Missed Opportunities

Missed Opportunities

What happens when you actually take the time to stop to listen to something without worrying about whether or not it conforms to your expectations?

Written By

Frank J. Oteri

Frank J. Oteri is an ASCAP-award winning composer and music journalist. Among his compositions are Already Yesterday or Still Tomorrow for orchestra, the "performance oratorio" MACHUNAS, the 1/4-tone sax quartet Fair and Balanced?, and the 1/6-tone rock band suite Imagined Overtures. His compositions are represented by Black Tea Music. Oteri is the Vice President of the International Society for Contemporary Music (ISCM) and is Composer Advocate at New Music USA where he has been the Editor of its web magazine, NewMusicBox.org, since its founding in 1999.

At the beginning of the Thanksgiving weekend, I found myself outside an antique shop at the edge of SoHo where I saw a pile of classical music CDs going for $3 a piece. Never one to pass up an opportunity to increase the size of my record collection, I rifled through them and wound up with a stack of mostly Baroque music plus a lone CD featuring a mass by Frank Martin and a requiem by a composer I’d never heard (all the more exciting) named Ildebrando Pizzetti. The man I bought them from was extremely pleasant but assuming that I had picked up the Martin and Pizzetti disc by mistake felt obliged to warn me, “That one’s contemporary you know.” Normally such a comment would provoke a 20-minute sermon from me about the virtues of new music. But unfortunately, I was already running late, so I simply said “Yes, I know” with a big smile, waited for my change, and left.

Then, this morning, as I was rushing to catch the dress rehearsal of Tobias Picker’s An American Tragedy at the Metropolitan Opera House, a solitary youngish man who was more than likely high or in some other way mentally unstable was pontificating to the rest of the world in a high-baritone relatively-pitched monotone. All I heard was: “…related to the best composer ever.”

Was he claiming to be the son or grandson of someone we all admire? Who, in his opinion, was “the best composer ever” anyway? Normally this sort of talk stops me dead in my tracks no matter the outcome. But since, once again, I didn’t want to be late (I wasn’t) plus he was probably crazy, I ran quickly on without being able to catch any more of his rant. But all through the subway ride up I kept wondering what he was talking about. It is all too rare to have a random quotidian encounter with words like “composer.”

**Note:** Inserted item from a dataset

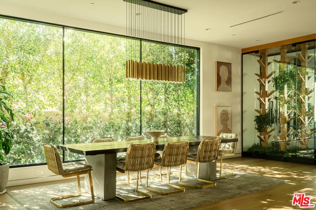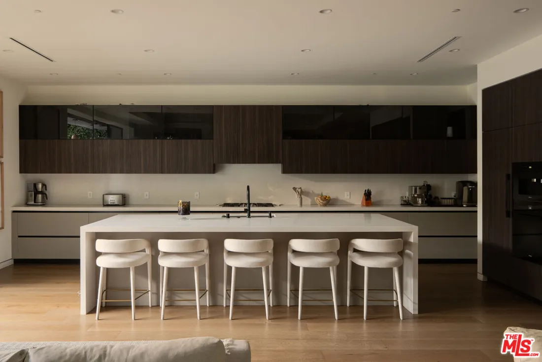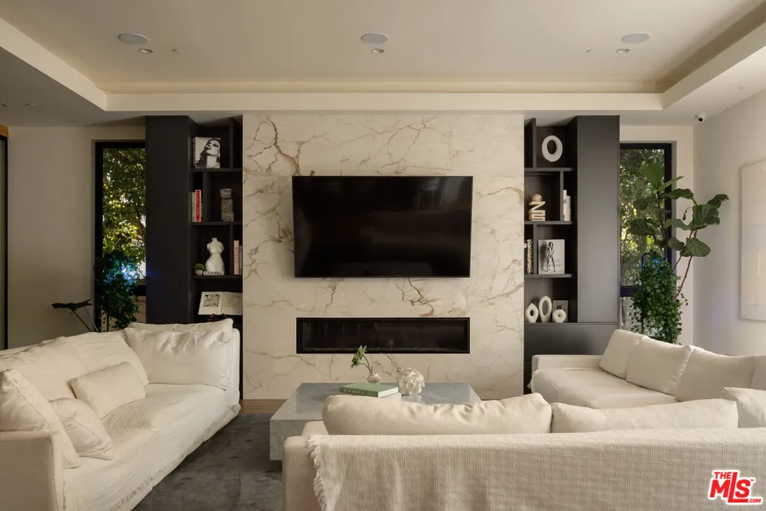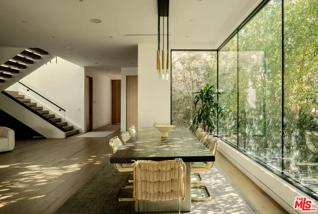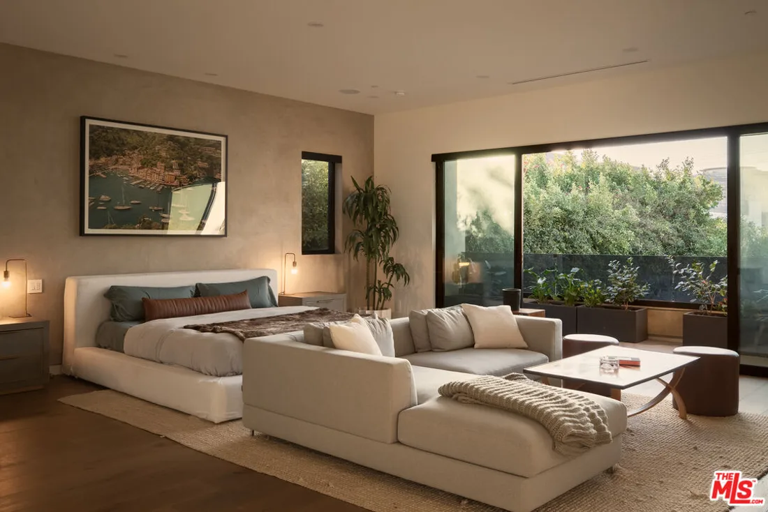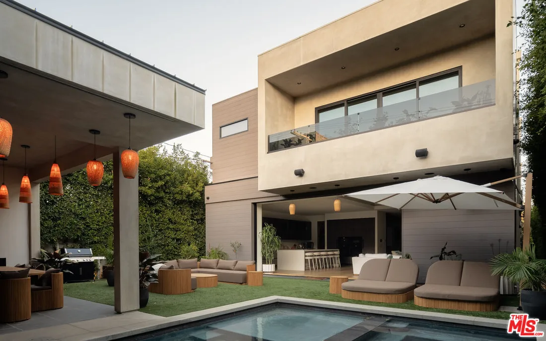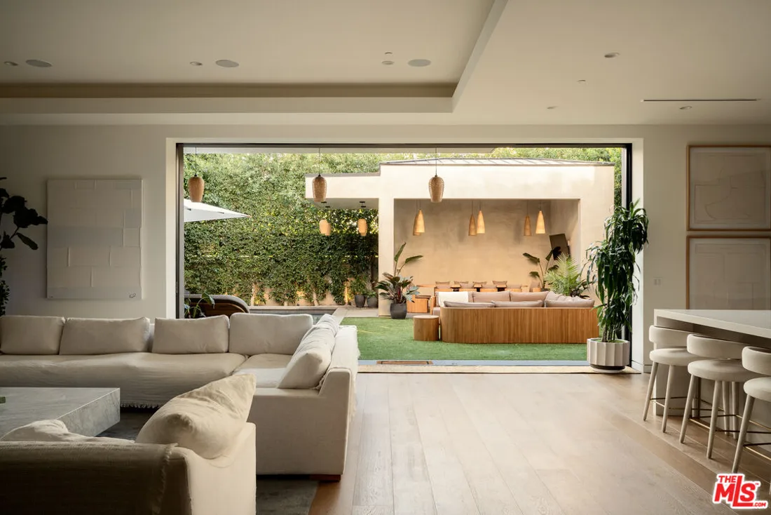 The Alfred Residence – A masterpiece of organic contemporary design built with grand scale, warmth and elegance throughout. Indulge in serene privacy, bespoke finishes, and incomparable design at 347 N Alfred Street. Located in the heart of Beverly Grove, this home spans over 6,110 square feet of meticulously crafted living space, offering 5 bedrooms and 6 bathrooms. With 12-foot ceilings and expansive windows, natural light pours into every room, creating a seamless connection between the indoors and outdoors. The gourmet kitchen is equipped with top-tier Miele appliances, including a built-in coffee machine, custom cabinetry, and a large waterfall-edge island. Ample storage, including a walk-in pantry, enhances functionality, while the adjacent dining and family areas offer versatile spaces for both casual living and entertaining; highlighted by a sleek linear fireplace framed in marble and a stately light fixture that doubles as a work of art. Upstairs, a quiet seating area offers a retreat for relaxation, and the secondary suite provides flexibility for an office, recording studio, or creative space. The primary suite features dual walk-in closets and a spa-inspired bathroom with oversized marble slabs, a freestanding soaking tub, a frameless glass shower, a sizeable walk-in closet, and auto-sensor lighting around custom vanities. A private balcony overlooks the backyard, where landscaping evokes the serenity of Tulum, with lush greenery and a custom water feature flowing into the pool and jacuzzi. The covered limewash lounge area includes an integrated sound system, designer pendant lighting, and a flat-screen TV, creating the ideal space for alfresco dining and entertainment. Smart home technology enhances convenience by effortlessly controlling lighting, climate, sound, and security. A dedicated home theater provides a premium cinematic experience, while the spacious garage and front entrance add practical luxury. Available for purchase with meticulously curated furnishings and bespoke decor, this home is a rare offering in Beverly Grove. Expertly designed to maximize space on its lot, it features a combination of high-end finishes and exceptional amenities not typically found in new builds in the area. Within close proximity to Melrose Avenue, The Grove, and premier dining and shopping destinations.
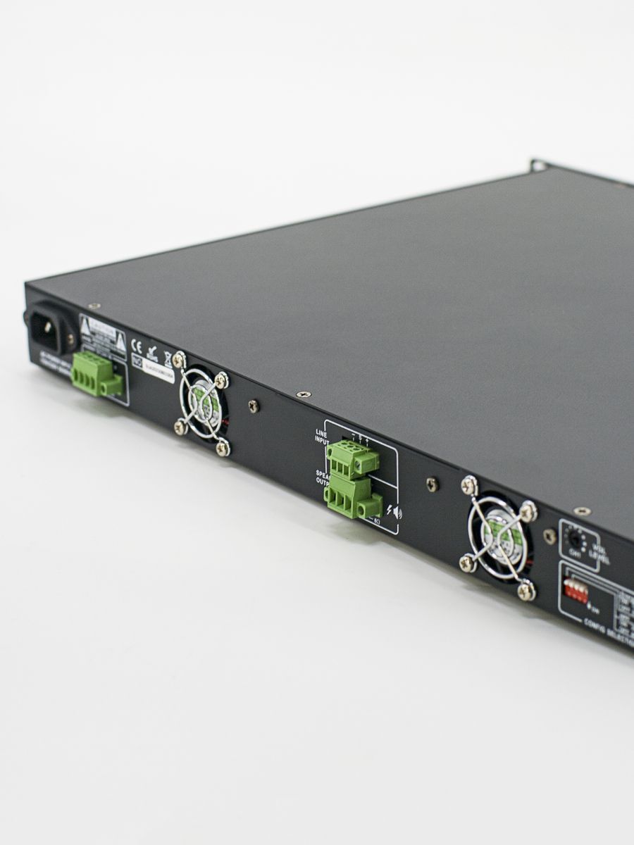CMX Audio DA-240 – это высококачественный одноканальный усилитель класса D. Особенности модели: – импульсная технология питания – минимальное энергопотребление – высота 1RU для меньшего пространства в стойке и меньшего тепловыделения – каждый вход с отдельной регулировкой усиления – каждый канал с высокочастотным фильтром – встроенная функция автоматического ожидания для экономии энергии – отдельные индикаторы для защиты, закрепления, ввода и вывода – полная защита от короткого замыкания, перегрузки, высоких температур, зажимов и постоянного тока – широкий вход переменного тока, переключаемый между 115 В и 230 В Модель CMX Audio DA-240 прекрасно подходит для использования как в громкой связи, так и в профессиональной аудиосистеме.

Whereas during intermission at the Met today I saw at least ten prominent composers… It was a strange and awkward moment as these high profile unveilings often are. Everyone wanted to hear it but nobody wanted to be the first to say anything about it. Some literally stopped talking about it when they saw me approach perhaps afraid I’d write up their reactions or that theirs would differ from the ones I would later write. Odd, given how often I advocate for a non-“critical” stance. There’d be no chance of my writing a “review” of this performance even though for the record, against my better judgment, I will write here that I was very impressed with the opera.

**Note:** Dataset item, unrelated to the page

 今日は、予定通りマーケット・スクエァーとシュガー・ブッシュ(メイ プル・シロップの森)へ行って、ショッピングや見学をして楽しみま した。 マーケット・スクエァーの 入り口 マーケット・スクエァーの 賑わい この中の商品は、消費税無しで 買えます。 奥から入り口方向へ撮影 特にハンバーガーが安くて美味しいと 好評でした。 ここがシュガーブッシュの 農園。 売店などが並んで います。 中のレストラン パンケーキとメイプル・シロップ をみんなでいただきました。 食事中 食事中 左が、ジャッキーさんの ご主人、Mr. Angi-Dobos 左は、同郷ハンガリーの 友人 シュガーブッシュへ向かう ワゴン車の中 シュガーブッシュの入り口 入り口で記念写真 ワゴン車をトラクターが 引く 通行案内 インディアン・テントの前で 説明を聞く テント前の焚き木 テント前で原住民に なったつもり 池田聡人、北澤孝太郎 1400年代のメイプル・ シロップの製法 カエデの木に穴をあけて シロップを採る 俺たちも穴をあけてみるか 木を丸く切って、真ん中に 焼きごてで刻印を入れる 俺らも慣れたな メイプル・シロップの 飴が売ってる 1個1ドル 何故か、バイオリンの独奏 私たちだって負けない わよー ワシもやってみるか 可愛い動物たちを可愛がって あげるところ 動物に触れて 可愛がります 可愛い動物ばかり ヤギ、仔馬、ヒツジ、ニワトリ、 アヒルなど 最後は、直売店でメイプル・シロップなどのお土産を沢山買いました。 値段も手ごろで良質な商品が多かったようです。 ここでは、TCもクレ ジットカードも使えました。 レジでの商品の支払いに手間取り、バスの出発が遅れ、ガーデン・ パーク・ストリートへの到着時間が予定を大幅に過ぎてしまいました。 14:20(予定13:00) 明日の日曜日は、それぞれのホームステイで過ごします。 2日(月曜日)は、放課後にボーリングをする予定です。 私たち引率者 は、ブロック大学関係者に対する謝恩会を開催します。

I don’t plan to expose anyone here a la Page Six or even to go further in my description of An American Tragedy since journalistic codes of ethics, for what their worth, have traditionally treated dress rehearsals as strictly off limits to critical commentary. Yes, I know, all is fair in the blogosphere, therefore I will paraphrase one comment that I think bears some reflection here. One of the people I spoke to confessed that it was difficult to formulate an objective opinion about the work because he wished that it was his own work being done there instead, perhaps adding further fuel to Joshua Kosman’s argument that composers ought not be critics, but perhaps not.

Hey, I wished it was my work being done up there, too! But that’s beside the point. If I had written An American Tragedy, I would have let the long trombone sustain at the end of Act Two end the opera rather than follow it with a quick declamatory tonic chord. But, you know what, I didn’t write An American Tragedy; Tobias Picker did. One of the important things that is gained from abandoning a critical stance, whether you’re a composer or not, is to allow yourself to appreciate things you would not want to do yourself. Allow yourself to let in a work of contemporary choral music even if what you really like is Baroque music. Allow yourself to appreciate the infinite variety of art that is the product of being a human being rather than madly and incapably trying to focus only on what you assume or what you are told is “the best.”

O.K., that’s the rant I never unleashed on the guy in the antique shop which might have made him think of me what I thought of the man ranting about “the best composer ever” this morning. But it still leaves room for a few more questions… When you really don’t like a piece of music you hear, what precisely is it that you don’t like and why? Do you listen to music with a built in set of expectations or do you come to it new every time? (Be honest.) How often do you hear someone randomly mention new music? Do you think most people don’t talk about new music because they might be afraid to proclaim a “wrong opinion” about it?